The researchers suggest that men, or women past their reproductive years, could safely eat several portions of Thames crabs per week while they are in season but should not eat as many Dutch crabs, which have higher contaminant levels. Women of childbearing age and children should eat fewer crabs, they say.
Whether harvesting the crabs will slow their invasion is not entirely clear. “We know that humans are good at fishing things out of existence,” says Deborah Rudnick, an environmental scientist at Integral Consulting Inc., who studied the invasion of San Francisco Bay by mitten crabs in the 1990s. “But the flip side is that we also know there are lots of invasive species that become trophy or highly valued species as a result of introduction, such as brown trout.” Rainbow thinks that intentional cultivation of mitten crabs in places where they have not already spread is unlikely because of their complex life cycle.
“Once a species like mitten crab arrives, it’s almost impossible to eradicate,” says Reuben Keller, a postdoctoral fellow at the University of Notre Dame who studies invasive species.
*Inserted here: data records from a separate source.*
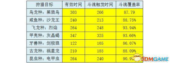 从表中可以发现,大多数怪物触发斗魂的时间都在20秒左右,基本上进去砍几刀就触发了,而且中途也不会断,打到死都还在发怒,所以斗魂的覆盖率还是相当高的。
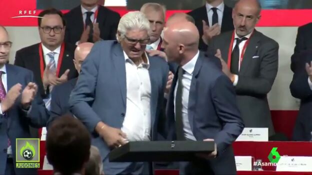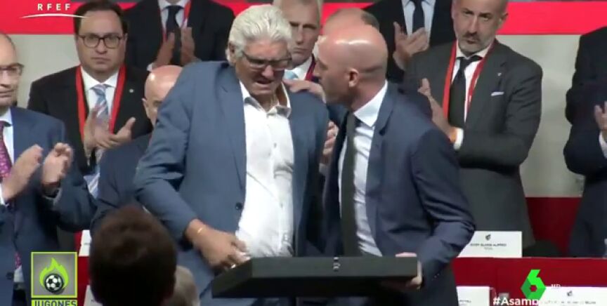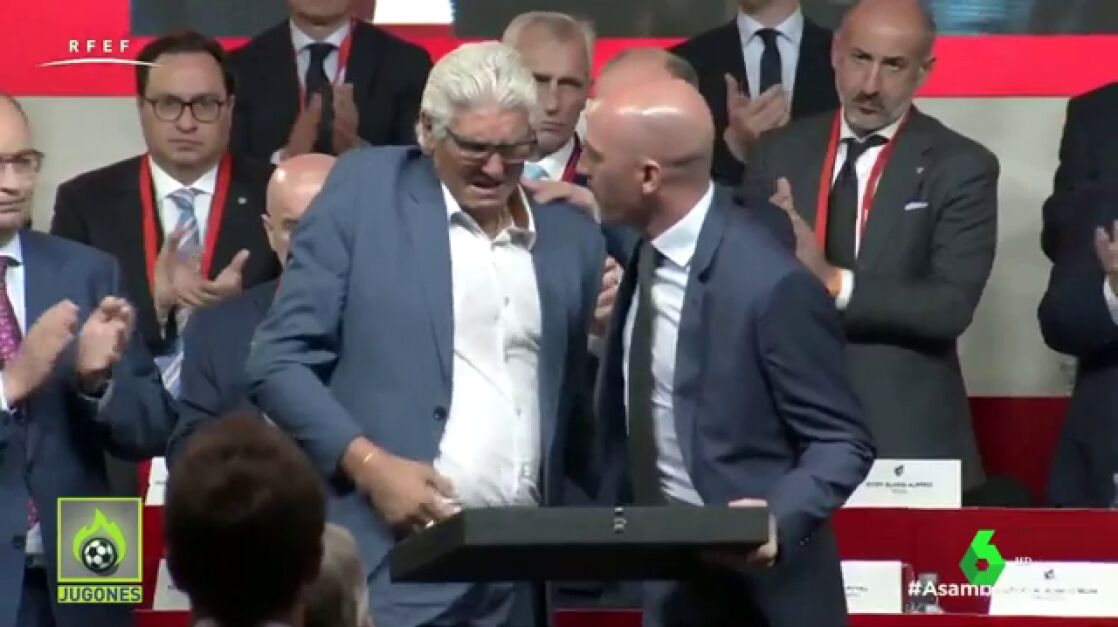 Tras la trágica muerte de Reyes, la RFEF ha entregado la insignia de oro y brillantes al exjugador del Sevilla. El padre de este subió a recogerla emocionado entre los aplausos de los asistentes.
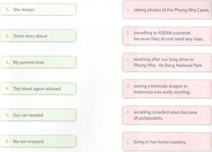 (Nối 1-6 với a-f để tạo các câu có ý nghĩa.)
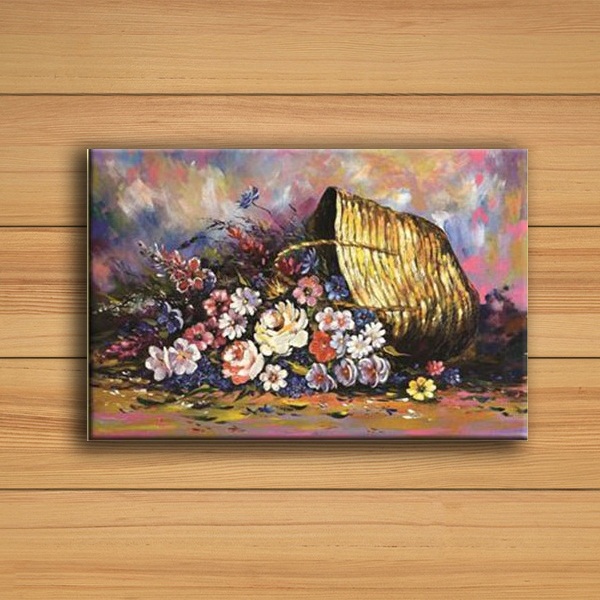 - Bức tranh vẽ một giỏ hoa đầy màu sắc với bố cục đẹp mắt, cách phối màu tạo cho bức tranh từng mảng sáng tối thật hài hòa . Bức tranh sẽ làm cho không gian gia đình bạn thêm phần sống động và đầy sắc màu.
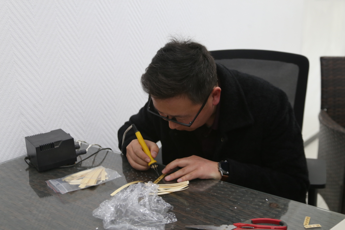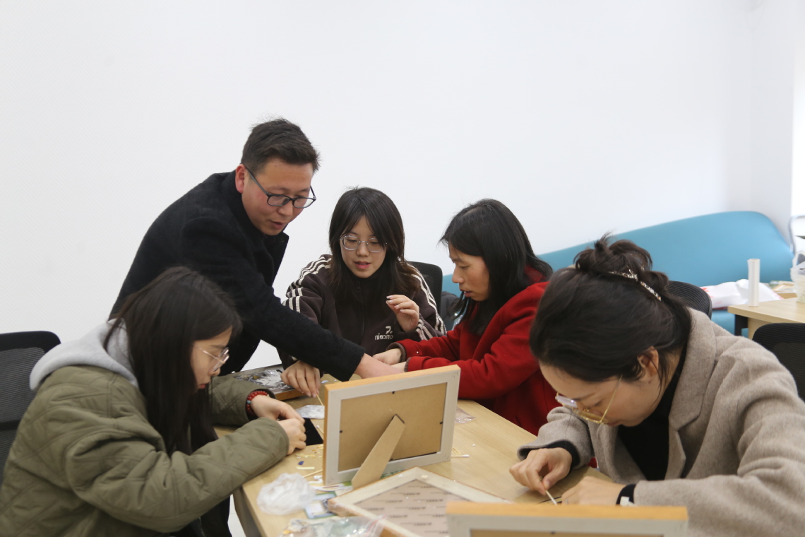 实践环节中,女教师以芦苇为媒进行主题创作。李辉联合学院青年创业团队特别准备了预处理的芦苇材料与环保黏合剂,通过粘贴、烙刻等技法,将"芳华传家"化作立体画卷。
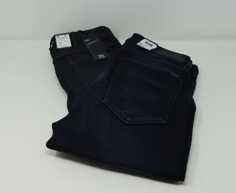 One as new G Raw Knee zip high women skinny jeans (Colour: Worn in tidal cobler. Size 27/32. Model: 5622). One as new G Raw High women skinny jeans (Colour: Dark aged. Size 27/34. Model: 3301).

Keller says he’s not sure whether the crabs’ impacts can be reduced through commercial harvesting, but he notes “as an overall strategy, we have to think about preventing the arrival of these species in the first place.”
In the US today, the import or sale of mitten crabs is banned, but there have been recent sightings in the Great Lakes and Chesapeake Bay. Mitten crabs, like many aquatic invaders, were likely spread by ships’ ballast water.
Although mitten crabs are said to be delicious (they were once even featured as the “mystery ingredient” on the TV cooking show Iron Chef), neither Rainbow nor Rudnick has ever eaten one. “When you spend a lot of time studying an animal, the last thing you feel like doing is eating them,” Rudnick says.